Croatia Airlines to Venice in 2011

Venice awaits Croatia Airlines
Croatia Airlines is already preparing for the 2011 summer season. The airline will launch flights from Dubrovnik to Italy’s canal city of Venice. Flights between the two will operate 2 times per week, every Thursday and Saturday. The Bombardier Dash8-Q400 will be deployed on the route. The service will be inaugurated on June 16 and is planned to run as a seasonal summer service only. Furthermore, Croatia Airlines will resume its seasonal flights from Zagreb to Athens, although a stop in Dubrovnik has been added. Croatia Airlines will connect the Croatian and Greek capitals 3 times per week from May 31. Unlike this summer, the Zagreb – Athens flights will operate via Dubrovnik this time around. An Airbus A319 will be used on the service. All flight details can be found in the new route launches section on the right hand side.

Meanwhile, SAS Scandinavian Airlines has confirmed that it will introduce yet another flight to Croatia. During the summer season the airline will establish flights from Oslo to Pula. The Finnish Blue1 recently announced that it will serve Pula from Helsinki next summer.

10 comments:

  1. Overall, a positive step for OU.

    The airline is getting its forward planning out months in advance (let's hope they do a marketing strategy to match), and it is righting markets with aircraft. I'd often wondered whether using the 320 this summer was too much on the direct ZAG-ATH route.

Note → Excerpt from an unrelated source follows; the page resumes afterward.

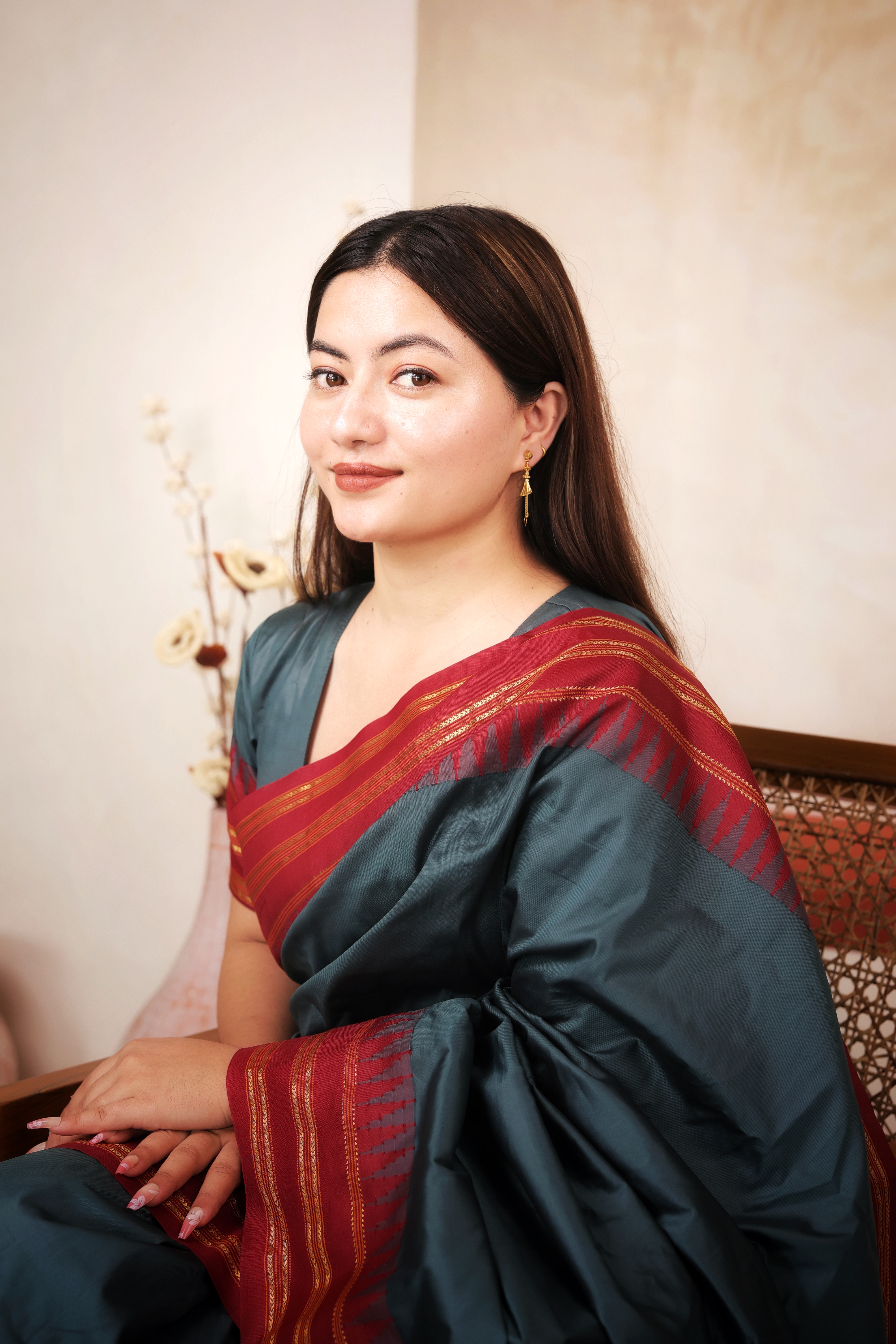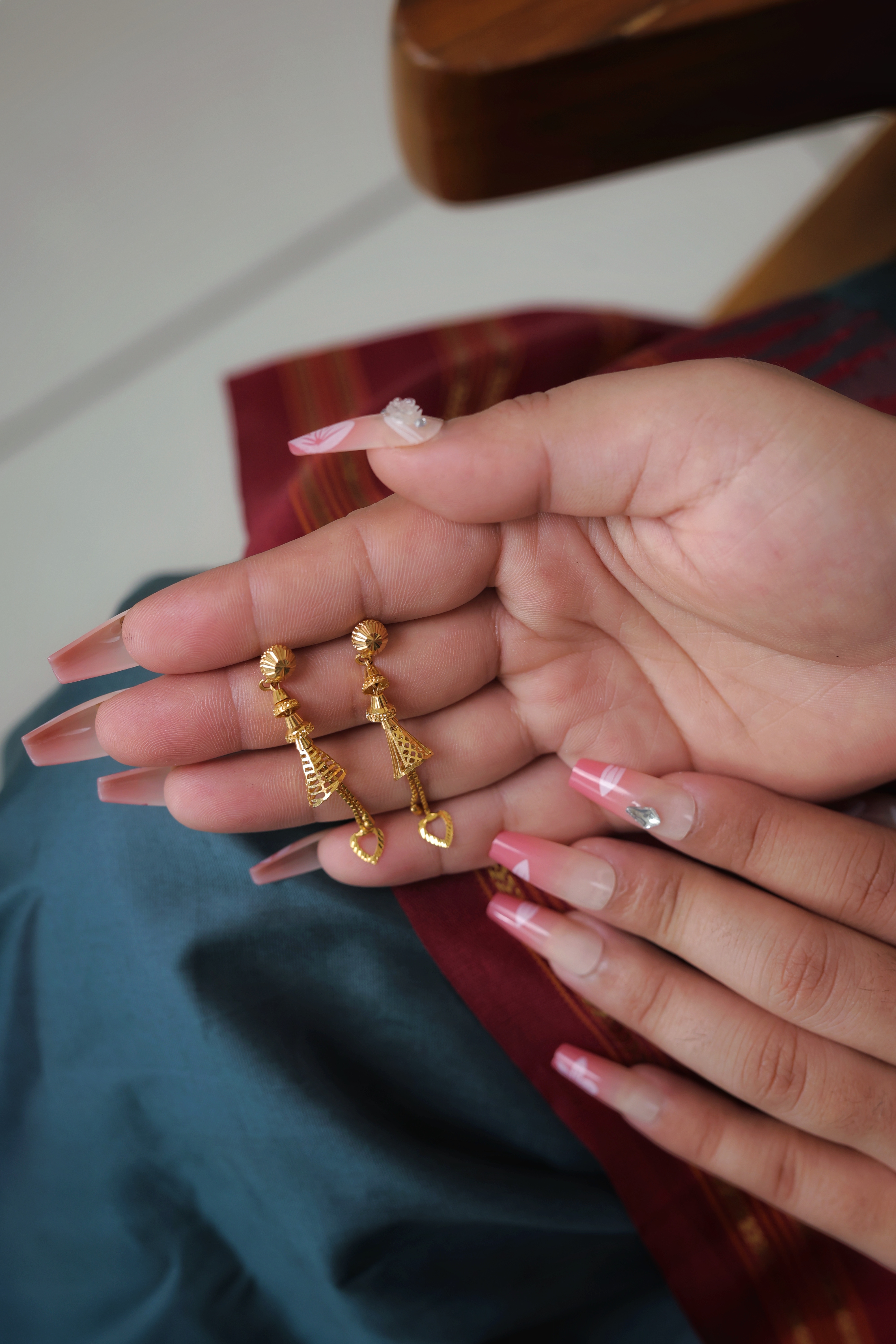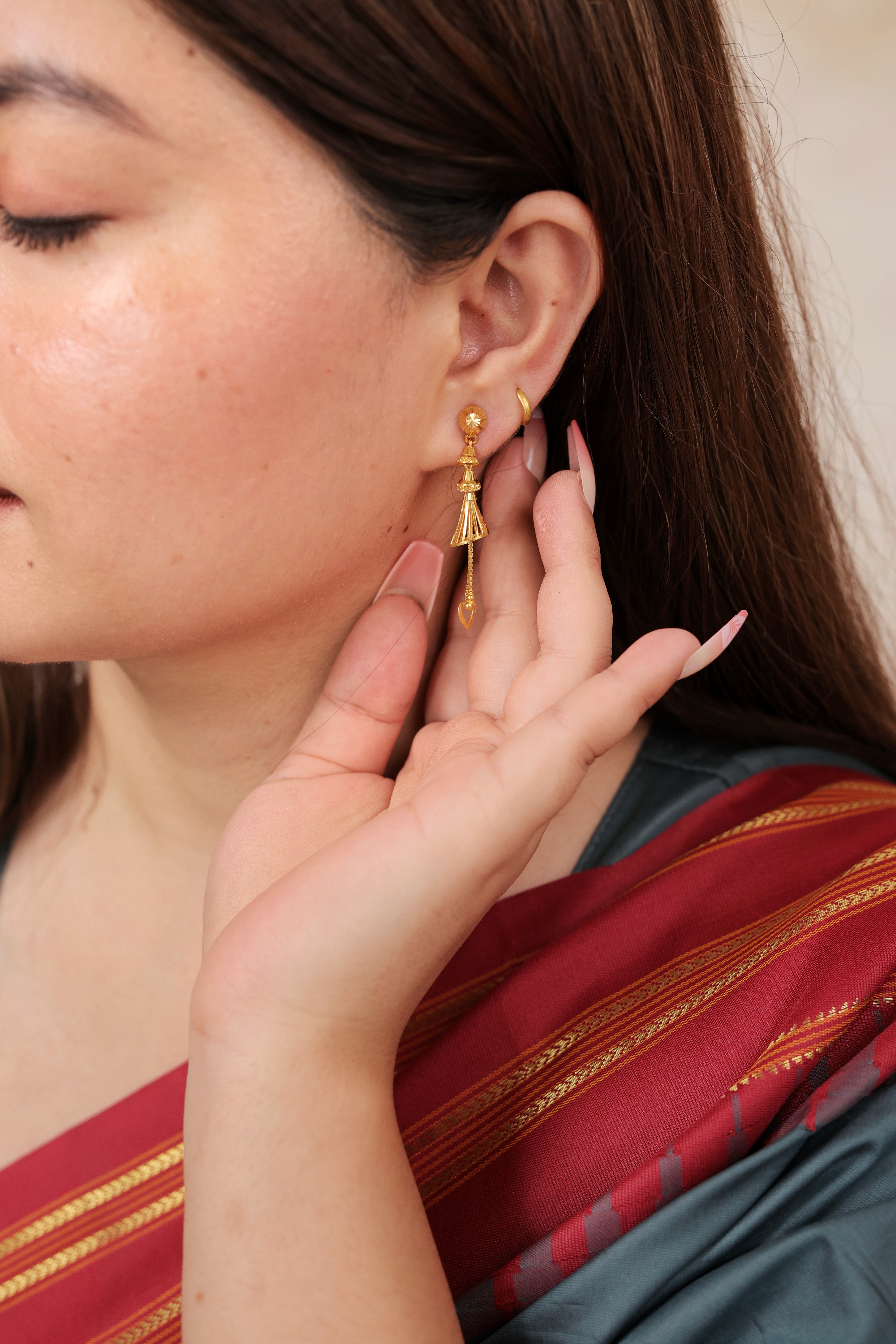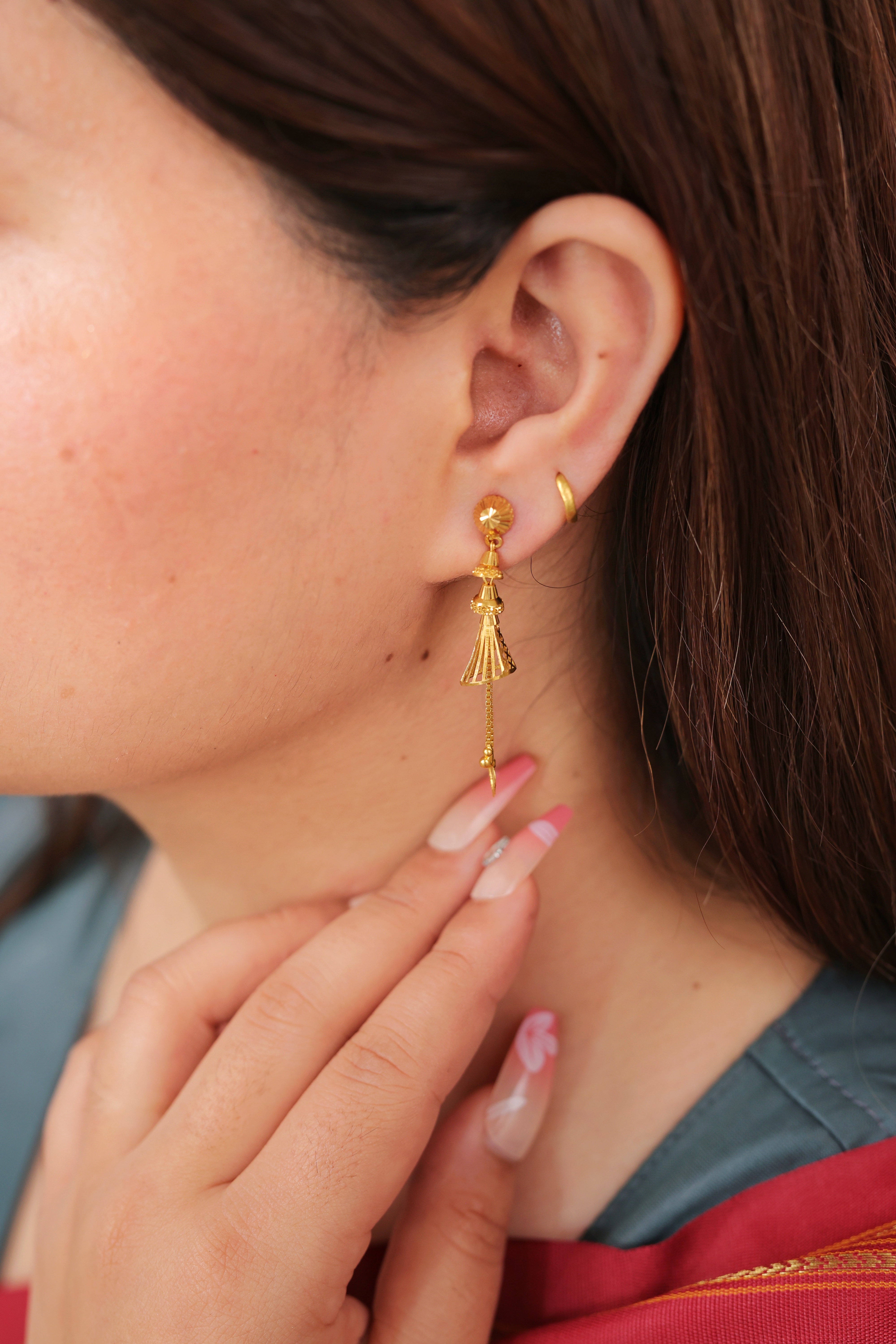 Key Features:Design: Long, articulated drop earrings with a dimensional basket or cage motif. Embellishments: Features highly textured goldwork and layered, architectural elements. Craftsmanship: Detailed traditional metalwork ensuring a volumetric and kinetic look. Metal Purity: 22 Carat Yellow Gold (916 purity). Usage: Ideal for semi-formal to formal events, festivals, or adding a sophisticated traditional statement.

    However, it is this 'ultra conservative' approach to planning which may prove OUs downfall (and IMHO has been its course of operation in recent years): they have already lost far too much market share from the coastal airports, and questions whether a 2-weekly service will be financially viable spring to mind.

    I still believe the airline requires expansion rather than contraction to achieve profitability: an additional Q400 year round, and a 319 in the summer schedules. Leasing out some of the 32x in the winter to S.America (where there is a demand) wouldn't be a bad move either.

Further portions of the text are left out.